NEED advice pls - good friends terrible cooking skills

Guess we will never know the answers to these questions as @cheekymonkey hasn’t replied…at all.

Hopefully OP isn’t at the hospital having her stomach pumped.

I think speaking up can be done tactfully. For example, don’t say the chicken is raw, say “I’m sorry, I just can’t eat rare chicken.” If the food just doesn’t taste good, that’s harder.

agree that there are 2 different issues. If the food is undercooked, I would not under any circumstance eat it. And I would simply say I can’t eat pink chicken or like my steak medium or whatever. If there is a particular sauce i really didn’t like, I would make that point as well (and make it about me being picky rather than bad cooking).

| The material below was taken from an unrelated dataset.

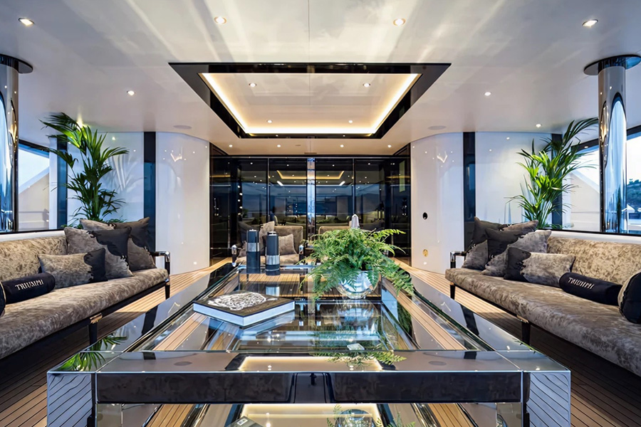 On board, Triumph accommodates 12 guests across six exquisitely designed staterooms, each crafted to deliver privacy, comfort, and understated sophistication.

If it is just that it is not tasty, I would suggest having alternating dinner at your house, dinner at theirs and meeting at a restaurant. That way you only have to eat there once every six weeks.

I have a friend who is extremely social and has parties at her house a lot. She is a terrible cook. When she caters, it’s fine. She is super thin, food just isn’t really her thing, but she absolutely loves feeding people and having them over. Nothing is under cooked, she tends to cook it to death and back again. I don’t see her for the food, and know that in all likelihood we’ll need a snack when we come home. It’s not inedible though, it just isn’t good.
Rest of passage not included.